Speeding Up MCMC by Efficient Data Subsampling (1404.4178v6)

Published 16 Apr 2014 in stat.ME, stat.CO, and stat.ML

Abstract: We propose Subsampling MCMC, a Markov Chain Monte Carlo (MCMC) framework where the likelihood function for $n$ observations is estimated from a random subset of $m$ observations. We introduce a highly efficient unbiased estimator of the log-likelihood based on control variates, such that the computing cost is much smaller than that of the full log-likelihood in standard MCMC. The likelihood estimate is bias-corrected and used in two dependent pseudo-marginal algorithms to sample from a perturbed posterior, for which we derive the asymptotic error with respect to $n$ and $m$, respectively. We propose a practical estimator of the error and show that the error is negligible even for a very small $m$ in our applications. We demonstrate that Subsampling MCMC is substantially more efficient than standard MCMC in terms of sampling efficiency for a given computational budget, and that it outperforms other subsampling methods for MCMC proposed in the literature.

Citations (169)

View on Semantic Scholar

Summary

The paper presents a novel subsampling MCMC framework that integrates control variates and a correlated pseudo-marginal scheme to enhance computational efficiency in Bayesian analysis.
It employs unbiased log-likelihood estimators via Taylor expansions around reference parameters and data centroids to maintain minimal posterior error.
Empirical results show significantly improved sampling efficiency over standard MCMC methods, making it ideal for large-scale and computationally intensive applications.
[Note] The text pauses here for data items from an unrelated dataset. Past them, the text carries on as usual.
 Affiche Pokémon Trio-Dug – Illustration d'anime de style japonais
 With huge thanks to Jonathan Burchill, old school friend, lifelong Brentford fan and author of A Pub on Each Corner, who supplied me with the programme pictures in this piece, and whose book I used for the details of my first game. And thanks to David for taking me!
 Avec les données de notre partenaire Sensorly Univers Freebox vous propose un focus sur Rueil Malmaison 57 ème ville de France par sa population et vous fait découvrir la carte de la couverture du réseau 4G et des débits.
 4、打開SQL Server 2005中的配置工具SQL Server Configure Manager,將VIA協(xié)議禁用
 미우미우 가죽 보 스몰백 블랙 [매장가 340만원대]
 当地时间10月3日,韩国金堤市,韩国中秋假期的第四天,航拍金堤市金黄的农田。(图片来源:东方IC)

Efficient Data Subsampling for Accelerating MCMC: A Detailed Analysis

The paper "Speeding Up MCMC by Efficient Data Subsampling" by Matias Quiroz, Robert Kohn, Mattias Villani, and Minh-Ngoc Tran presents a novel framework for implementing Markov Chain Monte Carlo (MCMC) methods with improved computational efficiency via data subsampling. This approach is particularly relevant for Bayesian inference in large data contexts where traditional MCMC methods struggle with scalability due to the computational burden of evaluating likelihoods based on the full dataset.
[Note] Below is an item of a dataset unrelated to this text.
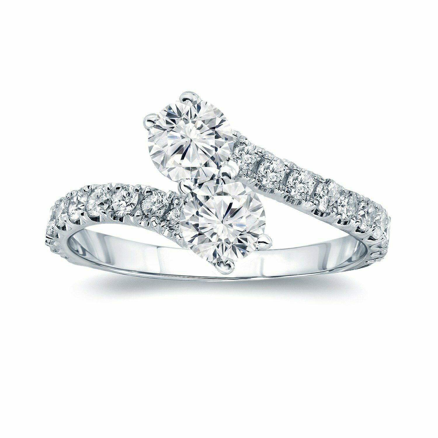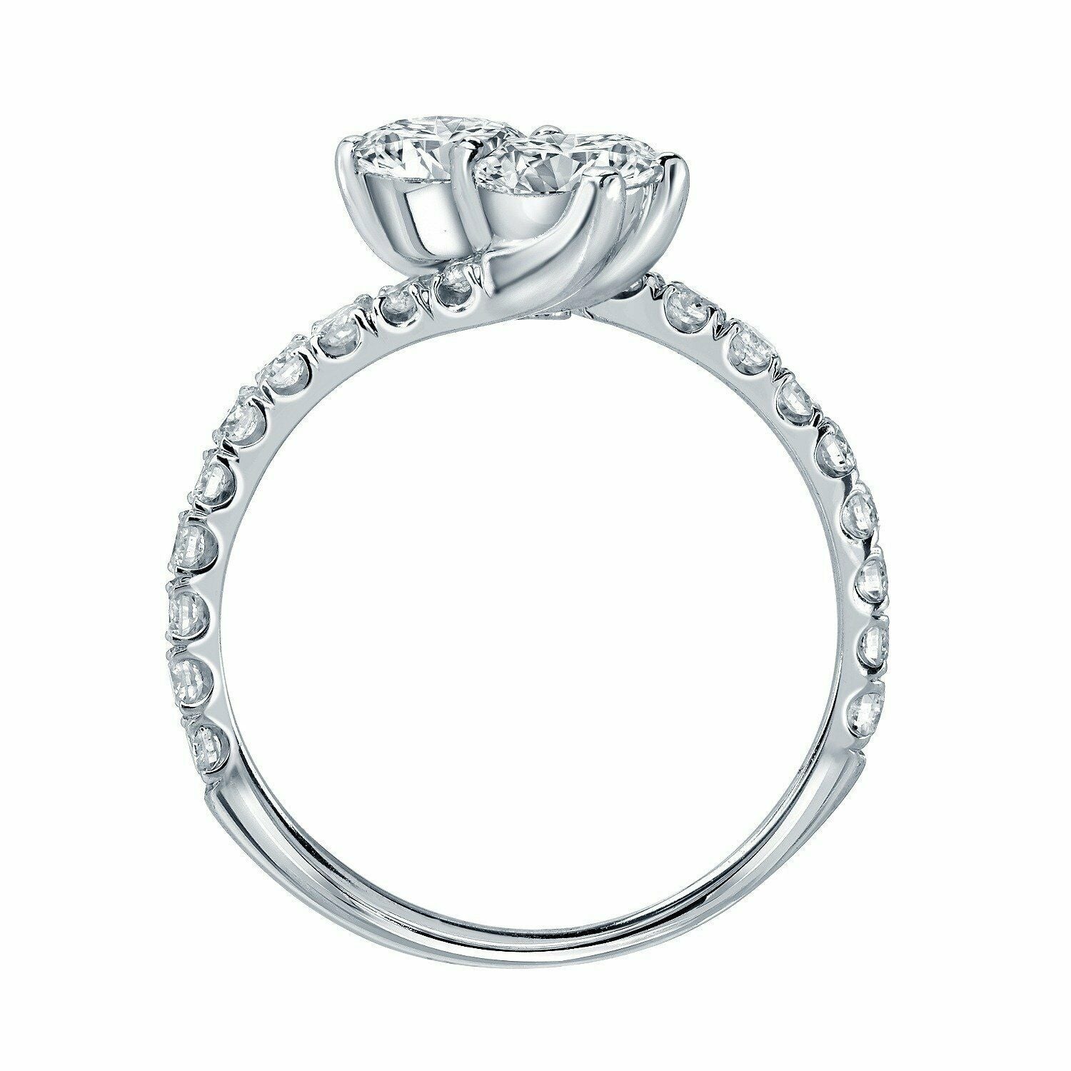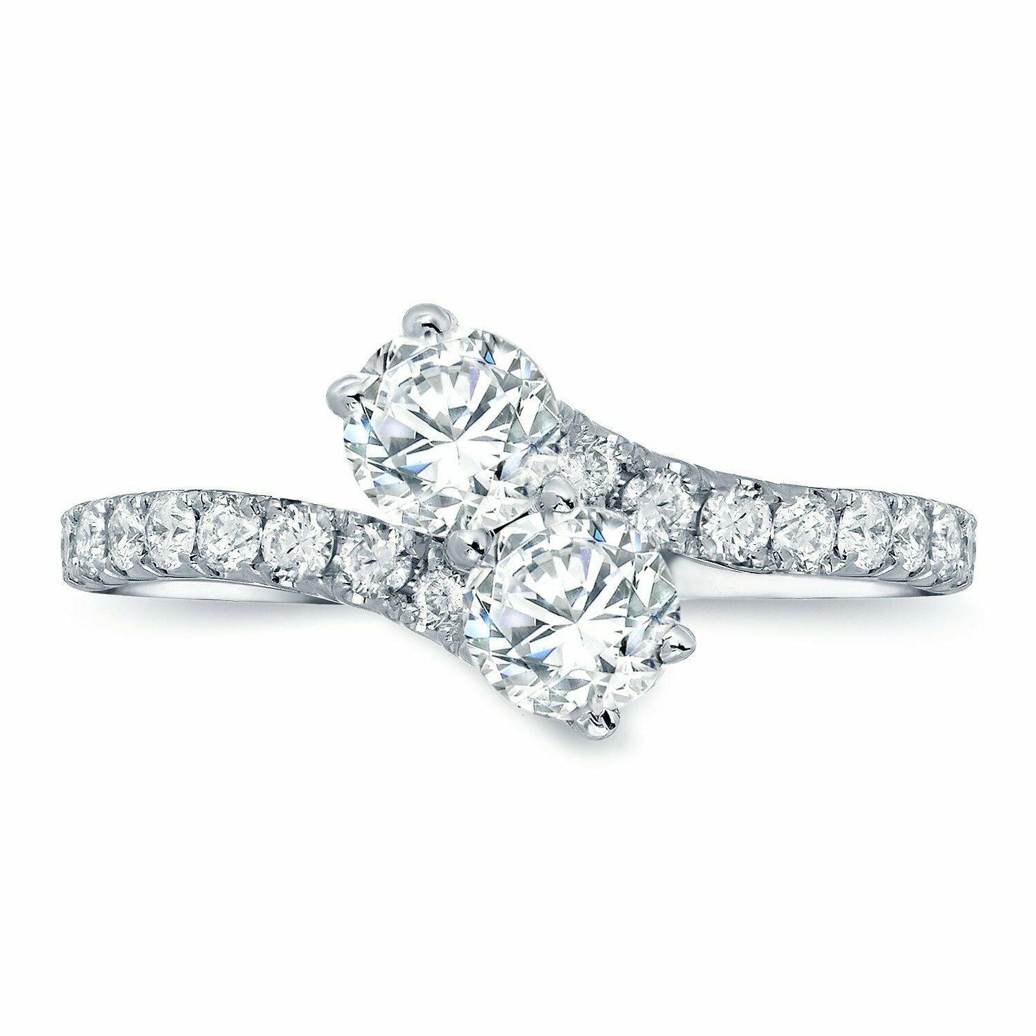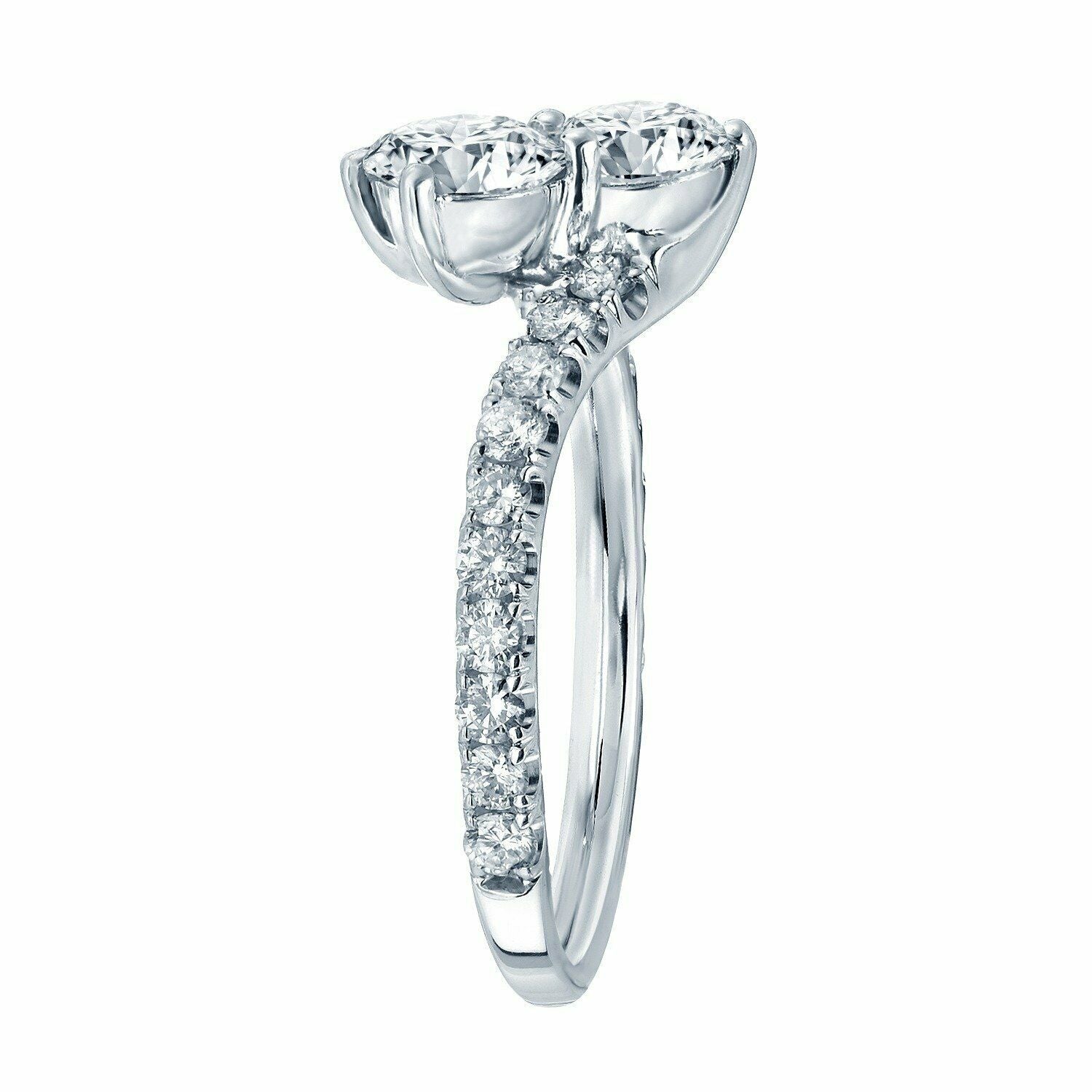 3Ct Round Cut DVVS1 Diamond 2 Stone Bypass Engagement Ring 14K White Gold Finish

The core contribution of this paper is the development of a Subsampling MCMC framework that seeks to approximate the likelihood for a large dataset by employing only a small random subset of the data at each iteration. Two key innovations underlie this framework: the use of a highly efficient unbiased estimator of the log-likelihood with control variates and the implementation of a correlated pseudo-marginal scheme to enhance the acceptance rates.

Main Contributions and Methodology

The authors leverage control variates to substantially reduce the variance of the log-likelihood estimator. Two types of control variates are presented:

Parameter Expanded Control Variates: These employ a Taylor expansion around a reference parameter value to approximate individual log-likelihood contributions.
Data Expanded Control Variates: These rely on a Taylor expansion around the nearest data centroid, allowing for efficient computation by clustering data and evaluating likelihoods at cluster centroids.

By utilizing these control variates, the Subsampling MCMC framework effectively targets a perturbed posterior distribution with minimal error. The paper rigorously establishes that the total variation norm of the error in the posterior diminishes rapidly even as the size of the subsample remains small, particularly when the Maximum Likelihood Estimate (MLE) from the full dataset is known.

Key Findings and Results

Empirical evaluations demonstrate the remarkable improvements in computational efficiency. Specifically, when employing Subsampling MCMC, sampling efficiency significantly surpasses that of standard MCMC. The efficiency gains are most pronounced in scenarios involving substantial datasets due to the subsampling method's ability to maintain a bounded variance in the log-likelihood estimates, which is crucial for effective pseudo-marginal MCMC methodologies.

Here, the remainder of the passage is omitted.